I once had a friend who asked a company to come in and observe their sales force to understand what their highest achieving sales reps were doing so they could uncover what would need to change for the rest of the sales force to improve their results. As it turned out, the only thing the lower performers would have had to do to improve their performance was to wait until their peers left the company and inherit their clients.
There is a lot you can learn from high performing salespeople. But there are also problems with trying to model your top performers directly.
High performing salespeople’s effectiveness allows them to win more deals with less activity than their peers.
One of the primary challenges you have when you use them as a model is that it is difficult for most reps to model their effectiveness. Some top 20% salespeople produce greater results with less activity. In many cases, poor performing salespeople find themselves in this category because they aren’t doing enough of the work necessary to create new opportunities (i.e. prospecting). Coupling low activity with a low effectiveness, using something like win rate as a measurement, only worsens their performance.
Producing better results means pulling the Gaussian curve to the right, moving every rep towards the best performance possible. More activity provides more opportunities to learn, to make distinctions about what works and what doesn’t, and more coaching to improve their effectiveness over time.
Many high performing salespeople have very strong intangibles, many of which are difficult to replicate.
Here we run dead into the old question about whether salespeople are born or made. The answer is that salespeople can be made.
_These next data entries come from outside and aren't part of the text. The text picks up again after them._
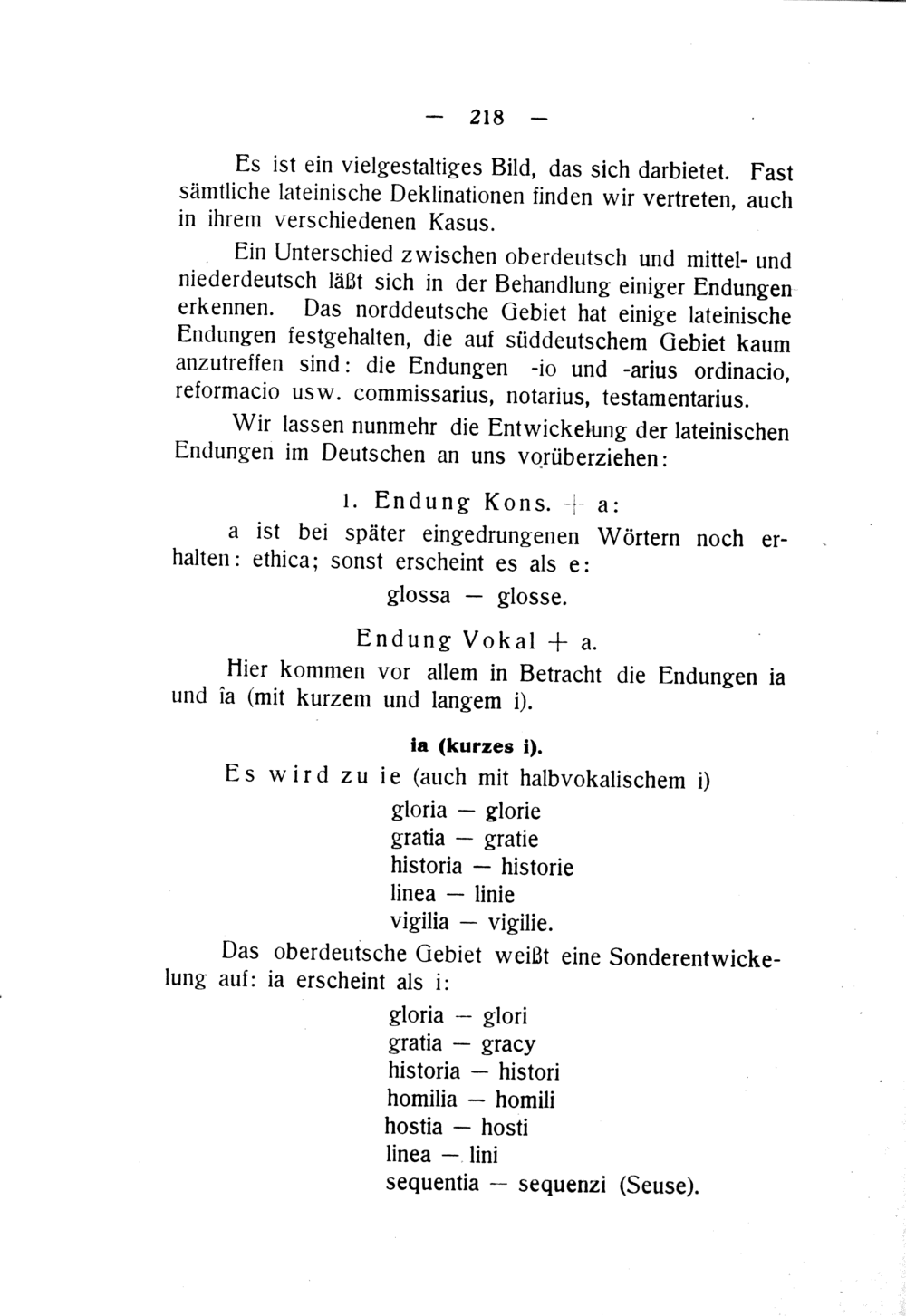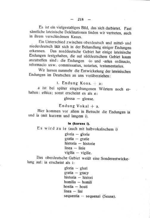 ia(kurzes i). Es wird zu ie(auch mit halbvokalischem i) gloria— glorie gratia— gratie historia— historie linea— linie vigilia— vigilie. Das oberdeutsche Gebiet weißt eine Sonderentwicke- lung auf: ia erscheint als i: gloria— glori gratia— gracy historia— histori homilia— homili hostia— hosti linea— lini sequentia— sequenzi(Seuse).
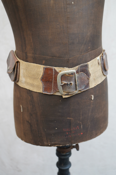 懐中時計用のポケットと小銭入れが付いたサイクリスト・ベルト。1940年代頃までにつくられたものだと思います。 レザーとベーっジュのベルトの風合いが良いです。伸縮性はありません。フロントのレザー部分の穴が裂けたのが縫い留めて直されっています。コインケースの蓋にひび割れ、ベルト部分に汚れ、ほつれを治した痕があります。このタイプにしては珍しい大きめのサイズです。
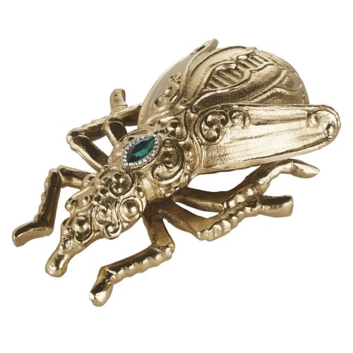 Maisons Du Monde Statuettes Et Figurines Déco à Poser Insecte En Métal Doré Et Pierre Verte H21
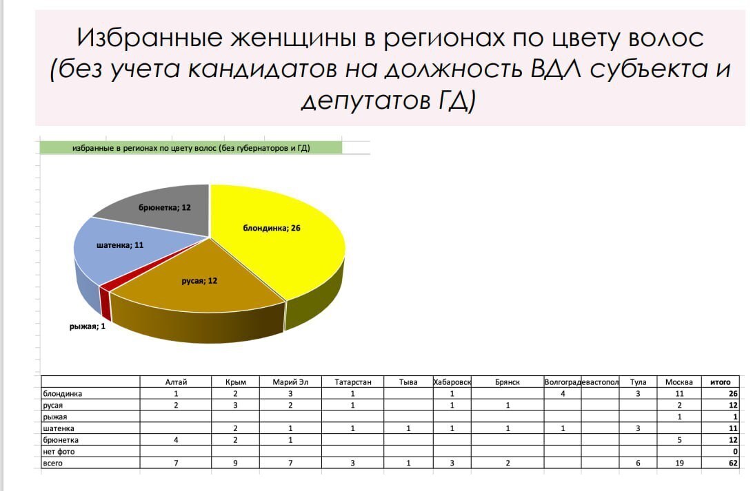 В региональные парламенты попали блондинки (26), брюнетки и русые (по 12), а также шатенки (11) и даже рыжая (1).
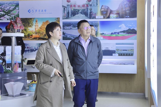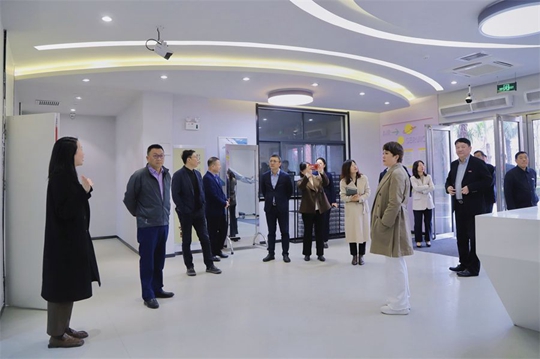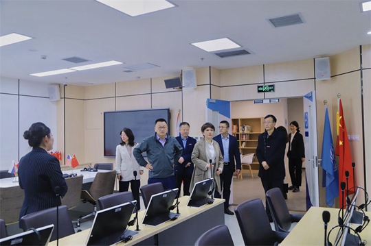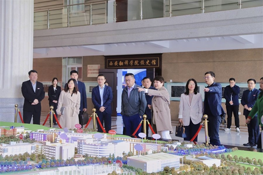 在學校沙盤前,丁晶向來賓們介紹了學校的整體布局。隨后,在丁晶等校領導的帶領下,胡建波一行實地參觀了西安翻譯學院校史館、國際商學院教學樓、文學與傳媒學院的空中乘務實訓中心和新媒體與表演藝術實踐教學中心、東區學生公寓、外國語言與文化實踐教學中心、同聲傳譯實驗室、人工智能實驗室等現代化的教育教學場所以及在建的國際會議中心。隨著參觀深入,來賓們驚嘆于西譯的發展變化以及學校近年來在育人環境、內涵建設、教育教學、人才培養等方面取得的輝煌成績。參觀中,兩校領導就學校基礎設施改造、未來發展規劃等進行了深入溝通。

But many are born with a set of intangibles that make selling easier for them.
Some people are charismatic, possessing the intangible that causes people to be attracted to them very quickly and with no effort on their part. Others have very fast rapport skills, allowing them to connect with people, causing them to engage with these reps without needing time to develop the relationship. Other salespeople have the type of business experience and demeanor that looks like executive presence and allows them to have their advice heard, received, and taken.
None of this is to say that one must have all these intangibles to succeed, and there as many different types of clients with different preferences when it comes to what the right partner looks like to them.
But the intangibles that make success easier for some than others are difficult to replicate in others, meaning that you may not be able to model some of what make them successful.
High performing salespeople win larger deals and their success gives them more time and space to focus on larger deals.
One thing you’ll notice about the top of any stack ranking of salespeople is that they didn’t get there by winning a lot of small deals. I would like to write that it is rare that you see a rep at the top of the stack with small deals, but because I have never seen that myself, I am not sure it has ever happened.
The best performing reps tend win large deals—and with higher success rates than their peers. It takes time for salespeople to learn to sell larger, more complex deals-especially those that require consensus from a large group of stakeholders. Learning requires an investment in development and coaching. One of the reasons successful reps do well is because they win large deals, and winning these deals provides them with the time and space to pursue other large deals, a luxury other reps cannot afford.
There is much to learn from people who produce a result you want. But not everything is easy to replicate, and not many are achieved without great effort—and time.